DATASET CONTENT>
──────
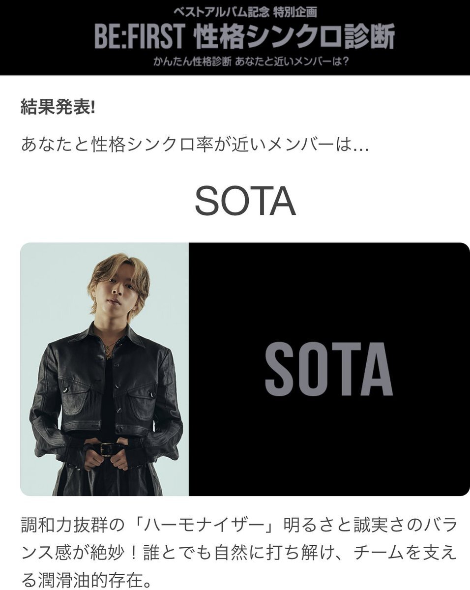 性格シンクロ率が近いメンバーはSOTAさんでした! yahoo.jp/i8QpCr #BEFIRST性格シンクロ診断 #BEFIRST #ヤフー検索
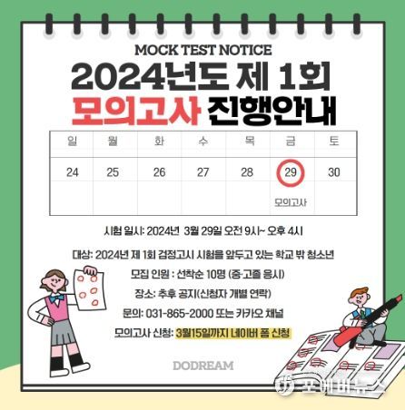 [ 포에버뉴스 김경순 기자 ] 동두천시 학교밖청소년지원센터는 2024년도 제1회 검정고시에 응시하는 학교 밖 청소년을 대상으로 ‘제1회 꿈드림 모의고사’를 실시한다.
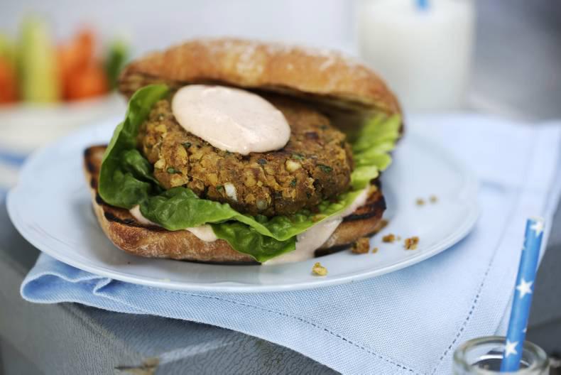 The falafel burger recipe has a Middle Eastern feel to it. Again, they have marvellous cuisine and I love adapting familiar recipes. Chickpeas are handy to keep in your cupboard. They are so versatile and you can make your own hummus by blending them with a little roasted red pepper, garlic and some herbs.
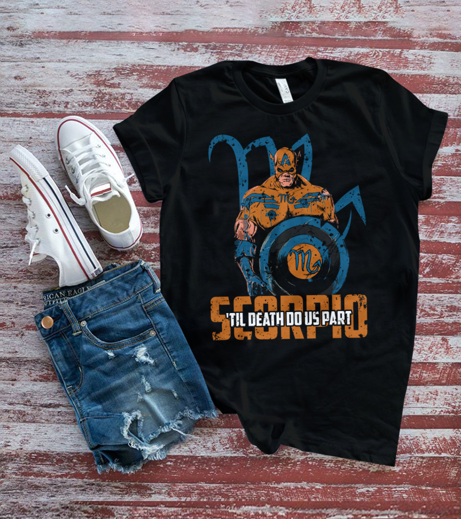 The Captain America Scorpio Zodiac Hero 'Til Death Do Us Part Marvel Fans Shirt offers a regular fit. Made from 100% ring-spun cotton that is pre-shrunk to help maintain size and shape after washing. Features reinforced construction details for durability. Available in U.S. standard sizes S-5XL to accommodate various body types.
──────
TRY IT> Return every line above word for word, minus images.

WRITTEN RESPONSE>
 性格シンクロ率が近いメンバーはSOTAさんでした! yahoo.jp/i8QpCr #BEFIRST性格シンクロ診断 #BEFIRST #ヤフー検索
 [ 포에버뉴스 김경순 기자 ] 동두천시 학교밖청소년지원센터는 2024년도 제1회 검정고시에 응시하는 학교 밖 청소년을 대상으로 ‘제1회 꿈드림 모의고사’를 실시한다.
 The falafel burger recipe has a Middle Eastern feel to it. Again, they have marvellous cuisine and I love adapting familiar recipes. Chickpeas are handy to keep in your cupboard. They are so versatile and you can make your own hummus by blending them with a little roasted red pepper, garlic and some herbs.
 The Captain America Scorpio Zodiac Hero 'Til Death Do Us Part Marvel Fans Shirt offers a regular fit. Made from 100% ring-spun cotton that is pre-shrunk to help maintain size and shape after washing. Features reinforced construction details for durability. Available in U.S. standard sizes S-5XL to accommodate various body types.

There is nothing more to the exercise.